“Everything will be ok”

“Everything will be ok” Circled in my head over and over again, was it because every second person I saw would whisper it in my ear as they said their condolences or was it because I was trying to convince myself that everything was going to be ok?

It was 10 am and the morning after, a mother and her 6 children were about to take on the task of organising a funeral, at the age of 25 I thought I would have my father for many, many more year’s to come, yet here I was staring at a laminated paper with pictures of numerous styles of coffins. I Felt that familiar feeling in my stomach, it was twisting and turning like I wanted to be sick, my breathing was becoming shallow, and I needed an out, I was telling myself this is not the time to panic Mary, you need to help your family do this, so there I was whispering to myself, everything will be ok.

A few hours later, and here I was with one of my sisters taking a deep breath as we entered a shopping centre. “hi girls how can we help today?” my sister and I looked at each other with confused faces, we hadn’t really thought through how difficult this was going to be “we are looking for a skirt suit for our mother” having a retail background myself I knew already the question to follow, “whats the occasion?” she said with a big warm smile on her face.

“Our father’s funeral” we said in sync, it sounded like we had both rehearsed the answer in our mind a million times over, it didn’t sound natural, it felt surreal to be saying the words. That day from the two lovely shop assistants we received genuine comfort, they made a difficult task as smooth as possible for us, as we left the store I whispered to myself everything will be ok.

We spent the next two nights seated  in a hall as per my culture tradition, allowing numerous amount of people to drop by and pay their respects. Let me paint a picture for you of the seating plan, my family sat in a line and those who came to pay respects would do so then would take a seat opposite to my family, for someone with anxiety, and different types of anxiety, social anxiety been one of them, this lay out is no where near ideal to us. My heart was racing, my hands where becoming clammy, i could see eye’s bore into mine as I looked up and the anxiety was slowly increasing, thoughts where running through my mind at a million miles an hour, did they know I was trying my hardest to avoid a anxiety attack right this moment, why are they staring at me like that I would constantly ask myself. I leant over to my sister and said “I don’t know how much longer I can do this” and then I was whispering to myself everything will be ok.

As we were leaving the hall a family friends mother approached me, ill never forget her words “I actually didn’t recognise you tonight, let it go, let it out” That night I went home I closed my bedroom door and cried, I cried until I couldn’t cry anymore and whispered to myself was everything going to be ok?

No, everything may have seemed ok on an outside view, but on the inside I was battling this constant feeling of anxiety, a constant fear, a fear of the unknown, a fear of losing a grip of my anxiety again, a fear of being judged, a fear of what life was going to be like with out my dad.
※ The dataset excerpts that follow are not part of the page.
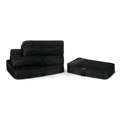 Amazon Basics Packing Cubes for Suitcases, Travel Organisers, Zipper, 4 Piece Set Bags, 2 Large and Medium, Black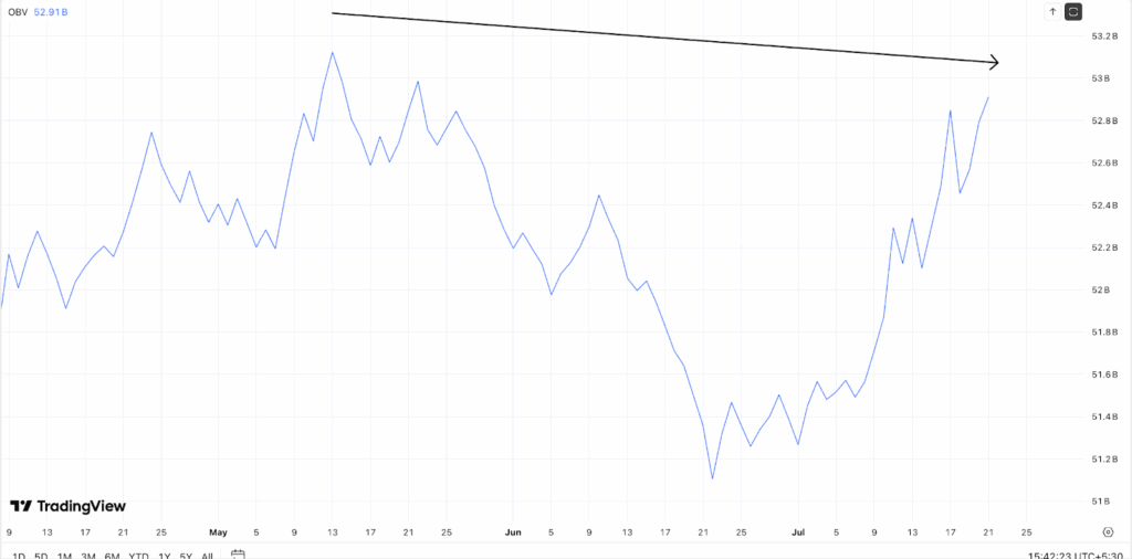 OBV指标现顶背离信号,买盘动能减弱值得警惕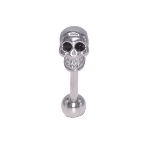 Piercing de langue en acier chirurgical, tête de mort aux yeux noirs

On the day of my fathers funeral I stopped whispering to myself everything will be ok, because that is what everyone told me, that’s not what I thought, I had no clue if everything was going to be ok. I had just watched my fathers coffin been lowered into the ground and I knew everything was not going to be ok.

Nearly 6 months later there is still no right way to grieve and there is still no right way to deal with anxiety and the death of your parent, but what I can do is, I can talk about it, I can lift that weight off my shoulders and hopefully help you if you have just lost someone too, and bring comfort to you that there is no right or wrong way or a timeframe to grieve someone dear to you.

Everything might not be ok right now, but eventually, everything will be ok.